» Records excerpted from a collection:
***

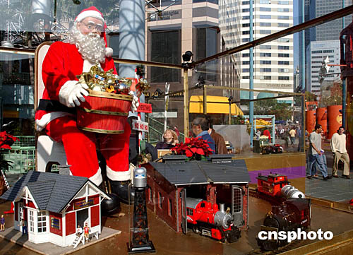 十二月十三日的美國洛杉磯街頭圣誕節(jié)氣氛漸濃,圣誕老人和懷舊微型火車裝飾再現(xiàn)過去的好時(shí)光。中新社記者:賈國榮
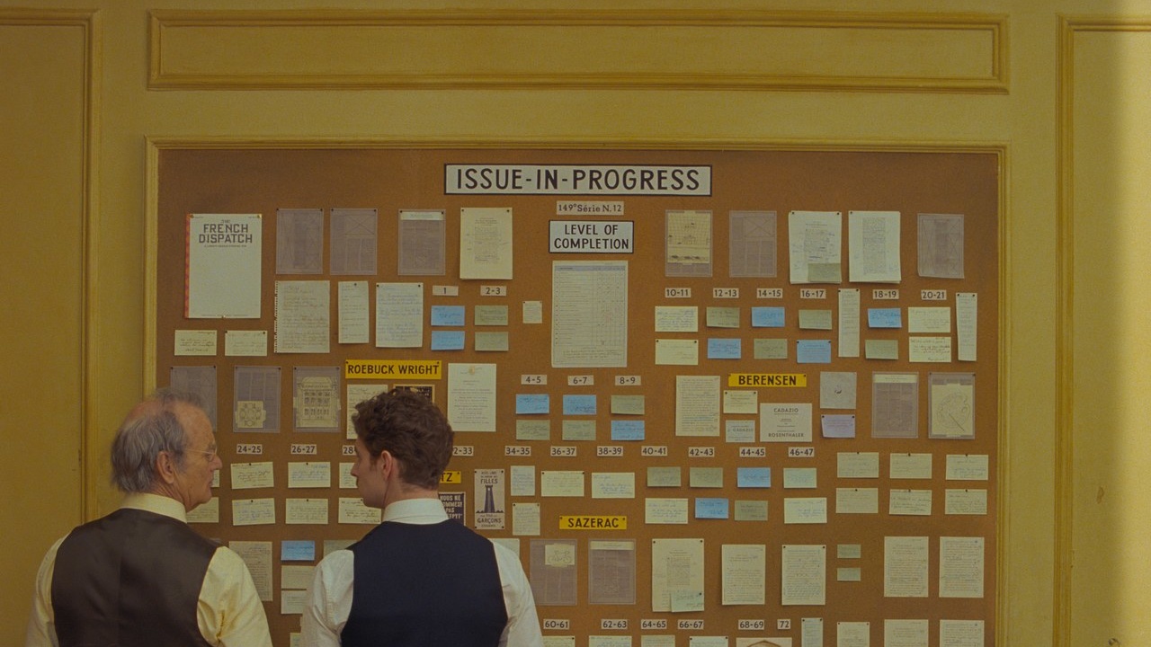 Pero todos estos 3 relatos están conectados porque formarán parte de un relato mayor, protagonizado por Bill Murray y que cuenta justamente la creación de este número particular de la revista en cuestión. Y allí se encuentra este obituario del que tanto se hace cargo el film. Vinimos a ver los últimos retazos de un mundo que ya no existe, tema ya tratado en “El gran hotel Budapest”, pero aquí, al igual que con su estética, llevado al extremo. El mismo tono cómico y alegre es usado para narrar momentos dolorosos, las tragedias definitivas y sus situaciones no del todo alegres. Todo esto es acompañado de recursos cinematográficos que despistan y confunden al espectador, acostumbrado hoy a relatos más convencionales y ya vistos.
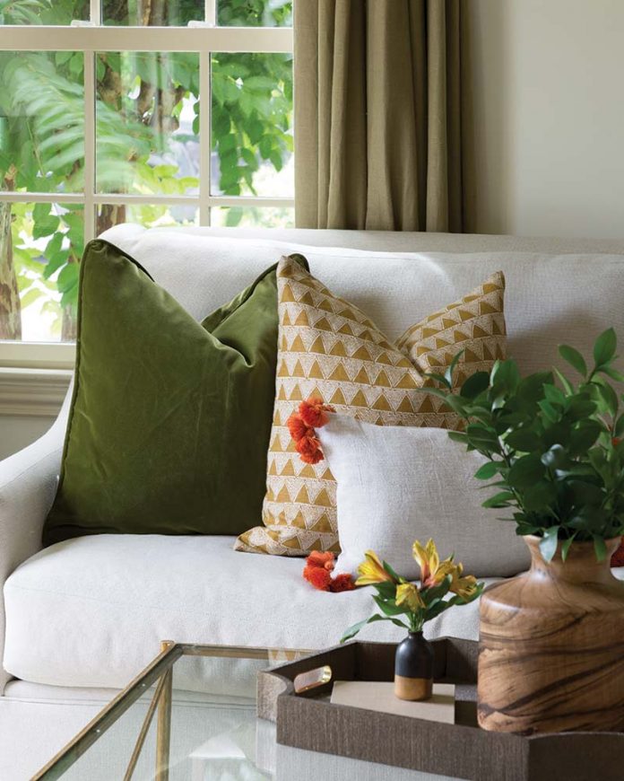 Green velvet pillow from Article, article.com or 888-746-3455. Gold printed pillow cover from Dear Keaton, dearkeaton.com or 800-935-7556. Orange tassel pillow cover from Serena & Lily, serenaandlily.com or 866-597-2742. Wooden vase and pewter faux silk tray from Made Goods, madegoods.com or 626-333-1177.
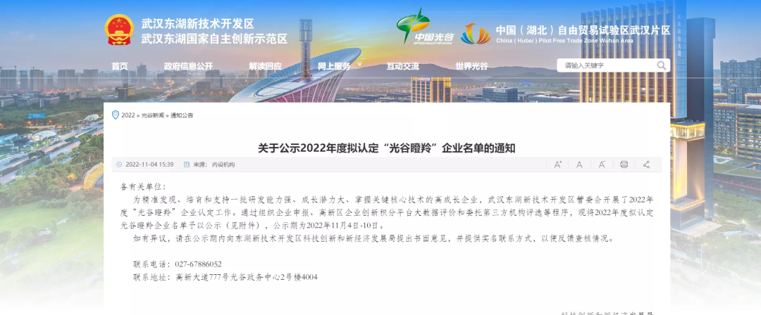 11月4日東湖新技術開發(fā)區(qū)科技創(chuàng)新和新經(jīng)濟發(fā)展局發(fā)布了《關于公示2022年度擬認定光谷瞪羚企業(yè)名單的通知》,武漢敢為科技有限公司成功獲評2022年度光谷瞪羚企業(yè),這也是敢為科技連續(xù)四年獲得此榮譽。
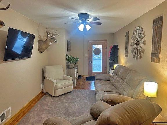 This beautifully updated home is on a corner lot. It features everything you need on one level! A nice-sized living room and three bedrooms, all with wood flooring, a full bath with tile floor, gorgeous cabinets and a tile floor in the kitchen, and laundry just off the kitchen. A two-stall insulated garage with heater and a/c unit. The outside has vinyl siding and gutters. Home also has newer heating and a/c units. Call to look today...this one won't last long!
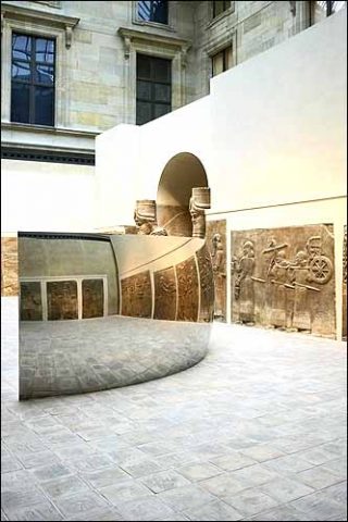 L’immense miroir, conçu par Anish Kapoor pour la cour Khorsabad du palais Mésopotamien, réfléchit cet univers en facettes de la sculpture. Depuis la fin des années 90, l’artiste travaille de l’acier poli: C-curve est un arc de cercle posé au sol, un rectangle incurvé un peu plus haut que la taille humaine. L’image des bas-reliefs monumentaux se mêle à celle des spectateurs. La surface intérieure du miroir reproduit le mécanisme de la vision sur la pupille: le reflet se projette à l’envers jusqu’à une certaine distance, puis se retourne à l’endroit quand on s’approche de la paroi. La déformation de l’espace se résorbe progressivement, et l’appréhension du mouvement dans l’espace prend une dimension vertigineuse.

***

» Exercise goal:
A word-for-word transcription of the entries above, free of images, is what is wanted.

» Answer area:
 十二月十三日的美國洛杉磯街頭圣誕節(jié)氣氛漸濃,圣誕老人和懷舊微型火車裝飾再現(xiàn)過去的好時(shí)光。中新社記者:賈國榮
 Pero todos estos 3 relatos están conectados porque formarán parte de un relato mayor, protagonizado por Bill Murray y que cuenta justamente la creación de este número particular de la revista en cuestión. Y allí se encuentra este obituario del que tanto se hace cargo el film. Vinimos a ver los últimos retazos de un mundo que ya no existe, tema ya tratado en “El gran hotel Budapest”, pero aquí, al igual que con su estética, llevado al extremo. El mismo tono cómico y alegre es usado para narrar momentos dolorosos, las tragedias definitivas y sus situaciones no del todo alegres. Todo esto es acompañado de recursos cinematográficos que despistan y confunden al espectador, acostumbrado hoy a relatos más convencionales y ya vistos.
 Green velvet pillow from Article, article.com or 888-746-3455. Gold printed pillow cover from Dear Keaton, dearkeaton.com or 800-935-7556. Orange tassel pillow cover from Serena & Lily, serenaandlily.com or 866-597-2742. Wooden vase and pewter faux silk tray from Made Goods, madegoods.com or 626-333-1177.
 11月4日東湖新技術開發(fā)區(qū)科技創(chuàng)新和新經(jīng)濟發(fā)展局發(fā)布了《關于公示2022年度擬認定光谷瞪羚企業(yè)名單的通知》,武漢敢為科技有限公司成功獲評2022年度光谷瞪羚企業(yè),這也是敢為科技連續(xù)四年獲得此榮譽。
 This beautifully updated home is on a corner lot. It features everything you need on one level! A nice-sized living room and three bedrooms, all with wood flooring, a full bath with tile floor, gorgeous cabinets and a tile floor in the kitchen, and laundry just off the kitchen. A two-stall insulated garage with heater and a/c unit. The outside has vinyl siding and gutters. Home also has newer heating and a/c units. Call to look today...this one won't last long!
 L’immense miroir, conçu par Anish Kapoor pour la cour Khorsabad du palais Mésopotamien, réfléchit cet univers en facettes de la sculpture. Depuis la fin des années 90, l’artiste travaille de l’acier poli: C-curve est un arc de cercle posé au sol, un rectangle incurvé un peu plus haut que la taille humaine. L’image des bas-reliefs monumentaux se mêle à celle des spectateurs. La surface intérieure du miroir reproduit le mécanisme de la vision sur la pupille: le reflet se projette à l’envers jusqu’à une certaine distance, puis se retourne à l’endroit quand on s’approche de la paroi. La déformation de l’espace se résorbe progressivement, et l’appréhension du mouvement dans l’espace prend une dimension vertigineuse.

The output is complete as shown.